David Blatner is a writer and speaker specializing in desktop publishing software, such as Adobe InDesign, Adobe Photoshop, and QuarkXPress. Blatner has written 15 books about various subjects with over a half-million books in print, including Spectrums, The Joy of Pi, The Flying Book, Judaism For Dummies, and Silicon Mirage: The Art and Science of Virtual Reality. 

He also wrote a book on QuarkXPress in the 1990s, The QuarkXPress Book (winner of the 1991 Benjamin Franklin award for technical writing; later titled Real World QuarkXPress,) but later changed to Adobe InDesign, about which he has now written or co-written several books (including Real World InDesign). A cofounder of the InDesignSecrets Web site and InDesign Magazine, and cohosts a podcast by the same name. Blatner also co-hosts CreativePro Week, a week-long set of conferences for creative professionals.

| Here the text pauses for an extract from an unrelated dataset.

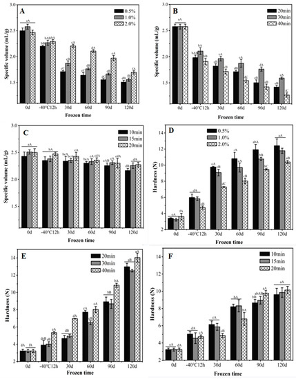 Effects of frozen storage on the specific volume and hardness of steamed buns made from unfermented frozen dough with yeast additions of 0.5%, 1.0% and 2.0% (A,D); pre-fermented frozen dough with the pre-fermented time of 20, 30 and 40 min (B,E); the par-steamed frozen dough with the pre-steamed time of 10, 15 and 20 min (C,F). Data with different lowercase and uppercase letters indicate the significant differences among the frozen dough with different storage time and different processing variables, respectively (p < 0.05).

He lives outside Seattle, Washington, with his wife, Debbie Carlson, and two sons.

Early life
Blatner was born in Palo Alto and attended Palo Alto High School. His father is American psychiatric pioneer Adam Blatner and his mother is Barbara Blatner-Fikes. His step-father is Richard Fikes. In the late 1980s, Blatner was a member of the Palo Alto theatrical improvisation troupe Creative Mayhem, which had also included director Kirk Wise and alternative comedy performer Jimmy Gunn. Blatner graduated from Pomona College.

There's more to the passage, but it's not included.